Use the str_replace tool to insert <span>...</span> tags and the done tool when finished.
When finished, call done. Do NOT return JSON in the assistant message.
Rules:
- Use str_replace only.
- old_str must match exactly once in the current text.
- old_str and new_str must be non-empty strings.
- new_str must be identical to old_str with only <span> and </span> inserted.
- Do not include <span> or </span> inside old_str or new_str.
- Do not insert nested spans.
- If a tool call fails due to non-unique old_str, retry with a longer unique old_str.
- If a tool call fails, read the error and keep editing. Do not call done until spans are inserted.
- Do not delete, reorder, paraphrase, or label text.
Current text:
---
{text}
---
prompt_template: |
Return the segments that represent contiguous phases in the text.
Rules:
- Preserve original order.
- Do not add labels, summaries, or commentary.
- Prefer natural boundaries like greeting/opening, identity verification, reason for call,
clarification, resolution steps, handoff/escalation, closing.

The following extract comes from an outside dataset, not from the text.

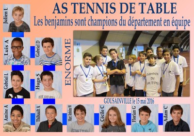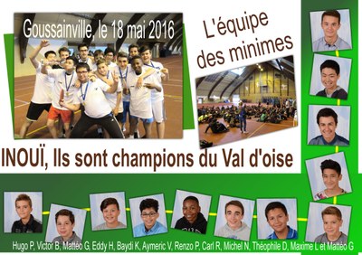 Les benjamins sont accrochés mais après s'être bien battus, ils sont champions du Val d’Oise. Les minimes aussi participeront à la finale académique qui se jouera à Monsoult. Comme les « petits » ils terminent sur la plus haute marche. Ils sont champions du département.

- Use speaker turn changes as possible boundaries, but keep multi-turn exchanges together if they
form a single phase.
- Avoid extremely short fragments; merge tiny leftovers into a neighboring span.
model:
family: gaussian
n_states: 4
observations:
encoder: tfidf
When no extraction snapshot is provided, Markov analysis looks for a default recipe at
corpora/<Corpus>/recipes/extraction/default.yml and builds or reuses the matching snapshot.
Recipes can include an optional max_workers field to control extraction concurrency. To keep
runs reproducible, pass an extraction snapshot explicitly:
biblicus analyze markov \
--corpus corpora/ag_news_demo_2k \
--configuration configurations/markov/local-discovery.yml \
--extraction-snapshot pipeline:RUN_ID
Cascading configurations and CLI overrides
Markov analysis configurations support cascading composition. You can pass multiple --configuration files; later configurations override
earlier configurations via a deep merge:
biblicus analyze markov \
--corpus corpora/ag_news_demo_2k \
--configuration configurations/markov/base.yml \
--configuration configurations/markov/guided.yml
To override the composed configuration view from the command line, use --config key=value with dotted keys:
biblicus analyze markov \
--corpus corpora/ag_news_demo_2k \
--configuration configurations/markov/base.yml \
--configuration configurations/markov/guided.yml \
--config model.n_states=14
Omitted fields use the default values from the Markov analysis schema. Missing required fields remain hard errors.
LLM observation cache
When llm_observations.enabled is true, Biblicus caches per-segment labels and summaries so you can rerun Markov analysis without
re-labeling the same text. The cache is keyed by the LLM client configuration (minus the API key), the prompt templates, and an
optional cache_name, so changing prompts or models creates a fresh cache automatically. Use llm_observations.cache.cache_name
to version caches for experiments.
Cache location:
.biblicus/cache/markov/llm-observations/<cache_id>/<extractor_id>/<snapshot_id>/
The cache is updated incrementally. If a prior run stopped partway through, rerunning the analysis will only label the missing segments and continue.
To disable caching, set:
llm_observations:
cache:
enabled: false
Output location and artifacts
Markov analysis output is stored under:
analysis/markov/<snapshot_id>/
The snapshot directory contains a manifest and structured artifacts. The canonical output is output.json. Additional files
provide intermediate visibility, such as segments and observations used to fit the model. When enabled, GraphViz output
is written as transitions.dot.
Working demo
The integration demo script is a working reference you can use as a starting point:
python scripts/markov_analysis_demo.py --corpus corpora/ag_news_demo_2k
If you want the script to download and ingest AG News into a fresh corpus directory, pass --download (this requires the
optional datasets dependency).
Markov analysis requires an optional dependency:
python -m pip install "biblicus[markov-analysis]"
The demo builds or reuses an extraction snapshot, executes Markov analysis with example configurations, and prints the resulting run
paths. Inspect the emitted output.json and graph artifacts to understand states and transitions.